Eighteen days after nephrectomy, she complained of dull pain in the left loin without any radiation or fever. The ultrasound of abdomen showed the fluid collection at the left kidney space which was drained. It was serosanguinous in character and the culture yielded methicillin resistant Staphylococcus aureus (MRSA) for which she received Rifampicin and Clindamycin.
She was discharged after 35 days of hospital stay with normal renal and hepatic function, coagulogram, ESR and blood cell count. Thus the final diagnosis was left xanthogranulomatous pyelonephritis with left ureteric stone, gram negative urosepsis complicated by acute kidney injury, nephrogenic hepatic dysfunction, DIC and MRSA infection of the retroperitoneal space.

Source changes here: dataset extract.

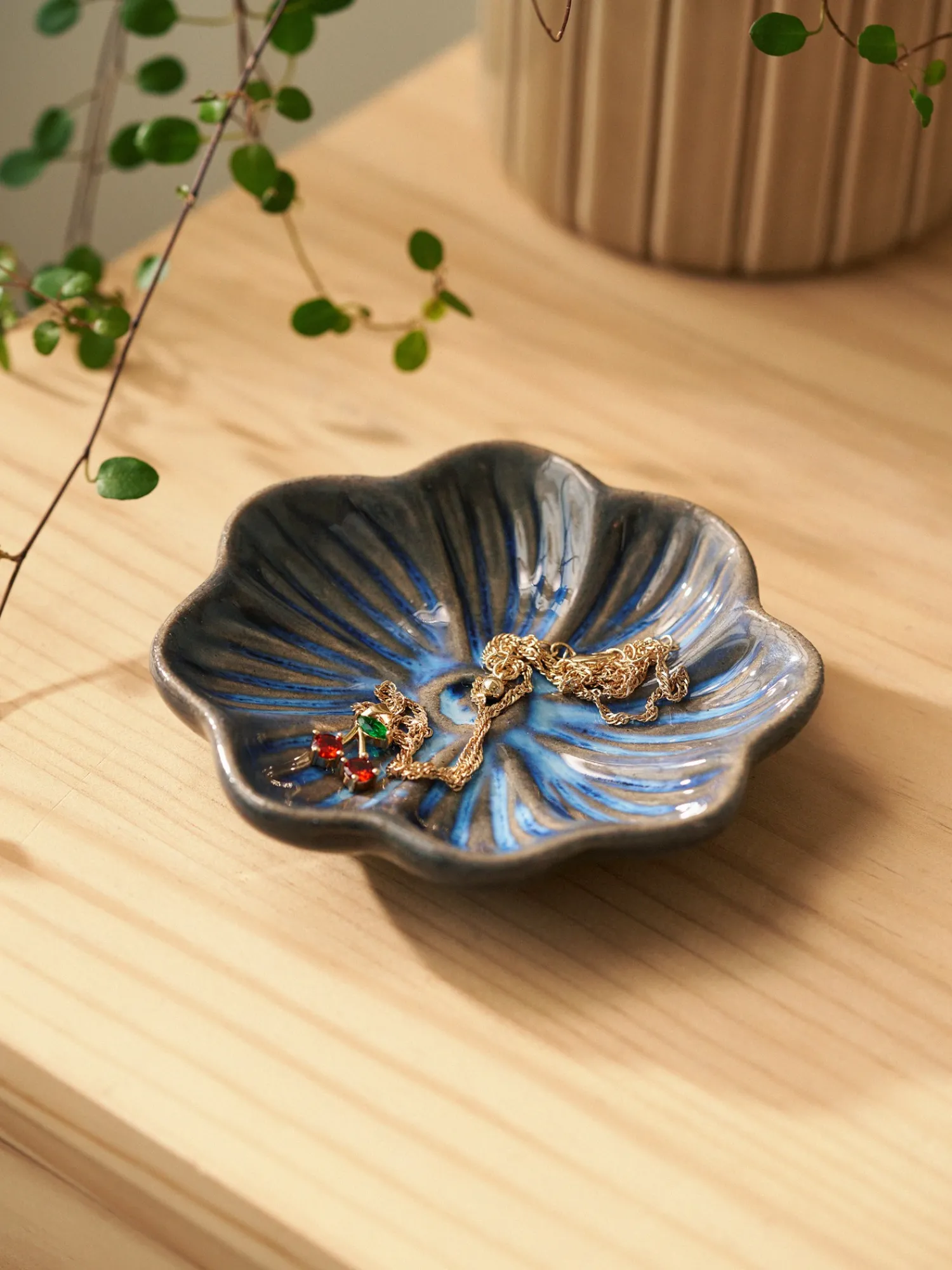 Søstrenes dekorative skål er laget av steintøy, og den er 8,5 x 2,5 cm stor.Siden dette er et produkt av steintøy, legger søstrene vennlig til at fargen og uttrykket kan variere noe.

Xanthogranulomatous pyelonephritis is a rare form of chronic pyelonephritis which is usually caused by calculous obstructive uropathy   , as in this reported case. The disease is characterized by renal destruction and replacement of renal parenchyma by foam cells (xanthoma cells), i.e. lipid laden macrophages that were first described by Schlagenhaufer in 1916   . It usually occurs in middle aged woman with a history of recurrent urinary tract infections  , which was lacking in this patient leading to diagnostic difficulty. The typical presenting symptoms are flank pain, as in this case, and fever. However, the initial investigation at presentation of this patient showed that this case was complicated by acute kidney injury, hepatic dysfunction, DIC and urosepsis. The organism isolated was Escherichia coli, a gram negative organism, from the urine and blood, though in one-fourth of cases urine culture may be sterile  . The initial findings of left ureterohydronephrosis on a renal ultrasound and the totally distorted architecture with multiple non-enhancing sectors on computed tomography raised the possibilities of isolated xanthogranulomatous pyelonephritis, renal cell carcinoma or their coexistence     . The treatment plan was to cover the patient with a course of antibiotics and to manage conservatively the renal failure, including a preoperative sessions of hemodialysis. This was followed by left total nephrectomy as recommended    . The rapid recovery after the nephrectomy showed that the xanthogranulomatous pyelonephritis was responsible for most of the uncommon features encountered in this case. Xanthogranulomatous pyelonephritis has a good prognosis if it is unilateral, as in this case, or with a localized form (usually children) against bilateral disease  .
In conclusion, this case of xanthogranulomatous pyelonephritis, without prior history of any urinary symptoms, was associated with multiple organ involvement that led to diagnostic and treatment challenges. Thus, the diagnosis of xanthogranulomatous pyelonephritis should be kept in mind when a middle aged female patient presents with unilateral nonfunctioning hydronephrotic kidney which is totally distorted and has enhancing as well as non-enhancing regions on computed tomography.